In einem Artikel in Bildung real 2-2002 - der Verbandszeitschrift des Realschullehrerverbandes - formuliert Heribert Brabeck, Referatsleiter im Ministerium für Schule und Weiterbildung NRW, anläßlich eines Schreibens der Bezirksregierung Arnsberg vom Dezember 2001, in dem - gerade weil der zehn Jahre alte Runderlass des MSWF NRW vom 19. Juli 1991 (der sogenannte Legasthenie-Erlass) und eine entsprechende Rundverfügung der Bezirksregierung vom 28. Juni 1999 von den Schulen nicht beachtet wird - auf die Aufgabe der Schule, Schwierigkeiten der Schüler/innen zu erkennen und darauf gemäß Nr, 2 - 4 des Runderlasses zu reagieren, hingewiesen und darüber hinaus verfügt wird, dass der Runderlass bei Vorliegen der Rechenschwäche (Dyskalkulie) sinngemäß anzuwenden ist, 11 Grundsätze für den schulische Umgang mit rechenschwachen Schülern und er spricht sich zugleich dafür aus, von den übrigen Bezirkregierungen gleiches zu fordern.
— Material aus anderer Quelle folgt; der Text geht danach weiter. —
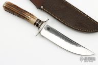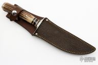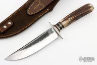 This Skull Fighter by Jim Behring features a satin finished hollow ground blade with hammer marked flats, .246" blade stock and 1.354" blade depth, hidden tang construction. The handle features a nickel silver guard, black/brass/red/aluminum/yellow spacer pattern, and a stag grip with a nickel silver pin and butt. Comes with brown leather sheath with shark skin overlay. New from Maker at the 2023 Blade Show Texas! Comes with a zippered case.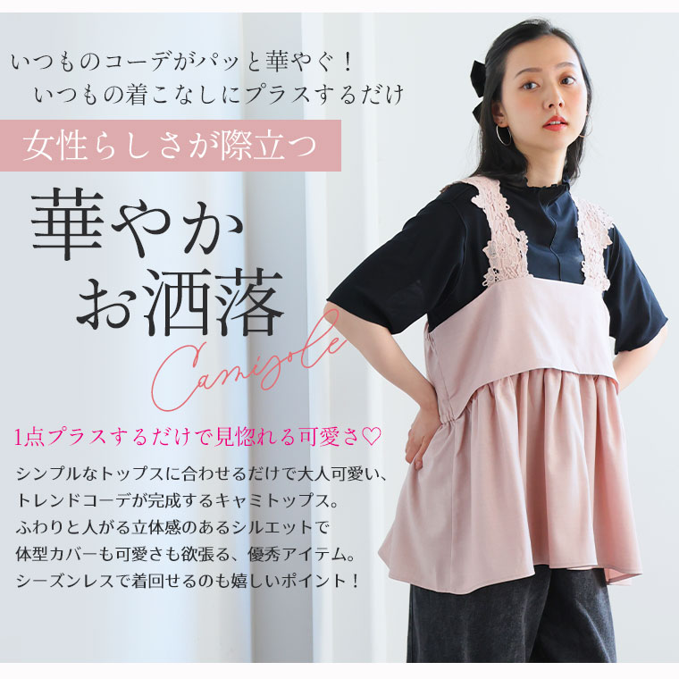 大きいサイズ レディース トップス | 華やぎ レース使い スタイルアップ フレアキャミトップス _ キャミソール キャミ LL 3L 4L 5L 6L 夏 夏物 夏服 夏用 ぽっちゃり ゆったり オーバーキャミソール レイヤード カジュアル ナチュラル プラスサイズ [5344106]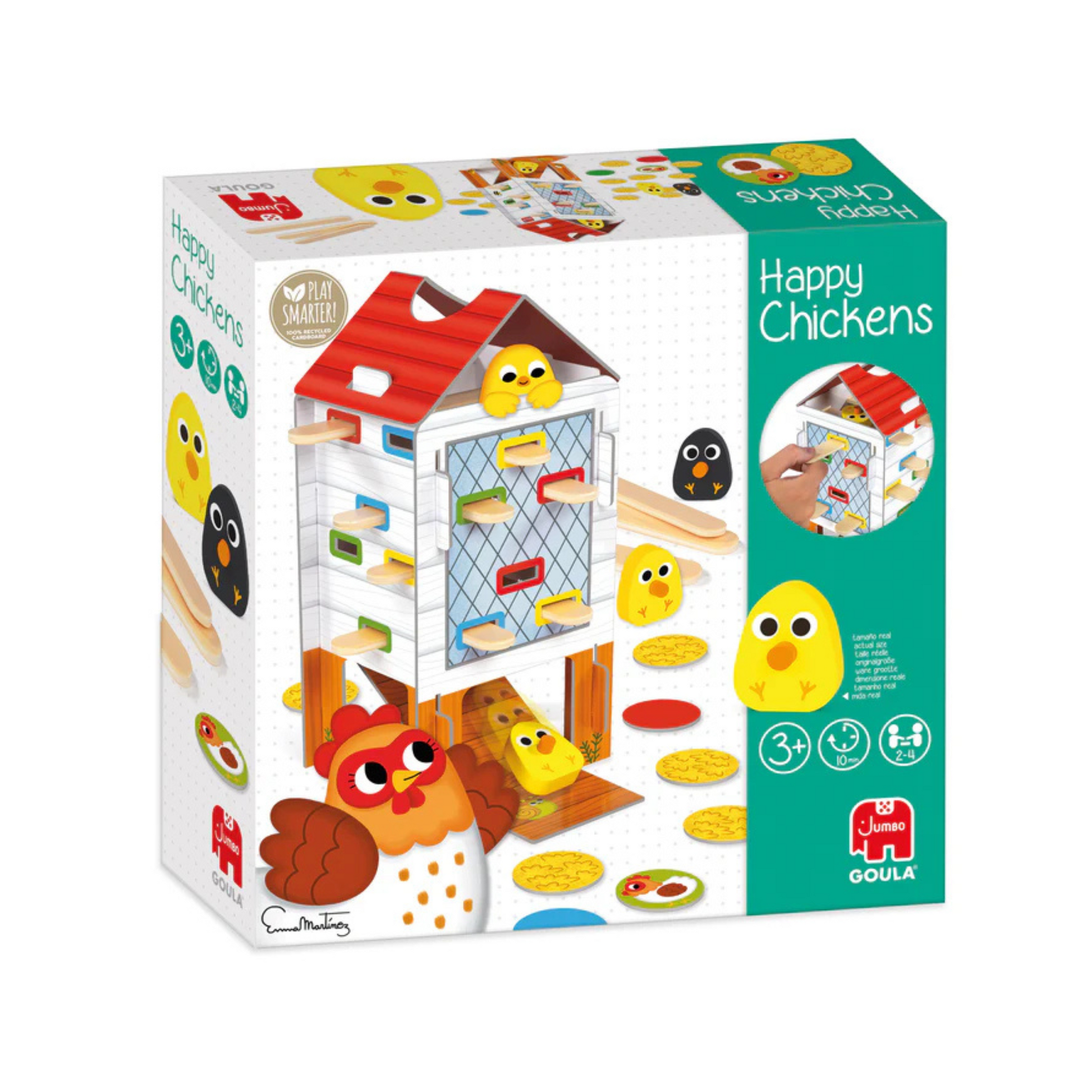 - Happy Chickens: un juego de destreza en el que los jugadores deben colocar las gallinas en sus nidos según el color, ejercitando rapidez, coordinación y reconocimiento visual.

Bei Dyskalkulie (Rechenschwäche) den Runderlass zur LRS sinngemäß anwenden (Dieser Link ist zur Zeit nicht erreichbar.)
Tipp:
Wenn Sie
im Gespräch mit der LehrerIn bzw Schulleitung nicht so recht weiterkommen,
aber Förderung für und Rücksichtnahme auf Ihr Kind erreichen
möchten, rufen Sie in Ihrem zuständigen Ministerium an (Bildungs-,
Schul-, Kultusministerium) und lassen Sie sich mit einem der zuständigen ReferatsleiterInnen
verbinden (z.B. Referat Eigenverantwortliche Schule, Referat Individuelle Förderung, Referat Grundschule).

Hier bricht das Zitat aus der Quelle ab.